For exploration, a rectangular image was provided to many tiles models at 500x750, a person on neutral background. The AI vision models then, even prodded with suggestion, have no concept that it is not a single image being viewed, and denies seeing more than the image content (aka blank semantic information). An example response of this prodding:
Based on the underlying AI context window, the image is presented as a single unit (tile) without subdivision into multiple sub-sections. The entire content is visible in one continuous section.
Contents of the section:
- The central area contains a person with unusual features, including a large, textured, purple object attached to their head and intricate patterns on their clothing.
- The background is a uniform off-white color, providing high contrast to the central figure.

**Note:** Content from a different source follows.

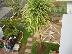 −園路ペイピング編(第一期)−工事期間:2004/10/26〜12/19マッスる度:90% 腰が痛い度:90% <作業前> 駐車場奥の物置へと続く何も無い通路。 監督はここをハーブガーデン(風)にしたいらしい。 しかしこの場所は天然のシダが多数生息根付いているらしく、刈っても刈ってもすぐにシダガーデンになってしまう。土壌改良と共に舗装をしないとハーブガーデンになりそうもない。 えーい!仕方が無いということで作業開始! <作業前の不安> 雑草群の撲滅のためには舗装してしまうのが手っ取り早いのだが、水を通さない様な舗装では土が死んでしまいそうだったので、ジェラストーンのステップ&縁取りとレッドロック(赤い軽石)の組み合わせでいくことに決定。 さて、縁取りをジェラで行うということは基礎になるコンクリ用の型枠工事を行う必要がある。型枠などやったことが無いし、全体のレベル出しも面倒そうだと思い、実は企画倒れ寸前(数ヶ月放置)だったこの工事なのだがあるアイデアで一気に形になるのだった。 |

- The figure occupies the majority of the vertical space, with the head and upper torso centered.
Overlap and blank area:
- There is no overlap between sections, as only one section (tile) is present.
- The blank area (off-white background) surrounds the figure, especially at the top, sides, and a small portion at the bottom. Approximately 25-30% of the image area is blank (background) without semantic information, mostly around the edges.
- The remaining 70-75% contains the main content (the figure and their attire).
Understanding of the entire image:
- The image is fully visible in one tile, with no missing or repeated content.
- The context window provides a complete and coherent view of the image, allowing for a clear understanding of the central subject and the background.
What is documented is the two downsize operations, using maximums for longer and shorter image dimensions. Which you should do yourself for bandwidth concerns and with a content-aware resampler, so you control more of the final input.
Right, I have an image (just a picture of cat) which after the resizing and tiling is almost 50% image and 50% blank tile (it’s a 2 by 3 tile image). The model does not seem to be “aware” of any padding around the image if prompted.
Anyway, thanks for your response.
Also, I’m trying to extract the location of the cat in the image (tried bounding box or grid coordinates). Sometimes GPT4o will explicitly say that it can’t do this and that I should use an image detection model instead.
Also it says this only sometimes, even though temperature is set to zero. I suppose setting temp to zero doesn’t give deterministic outputs with image input (floating point and everything aside). I have found it does with text input.
Another possibility is that there is no padding. The tiles might overlap to cover the image.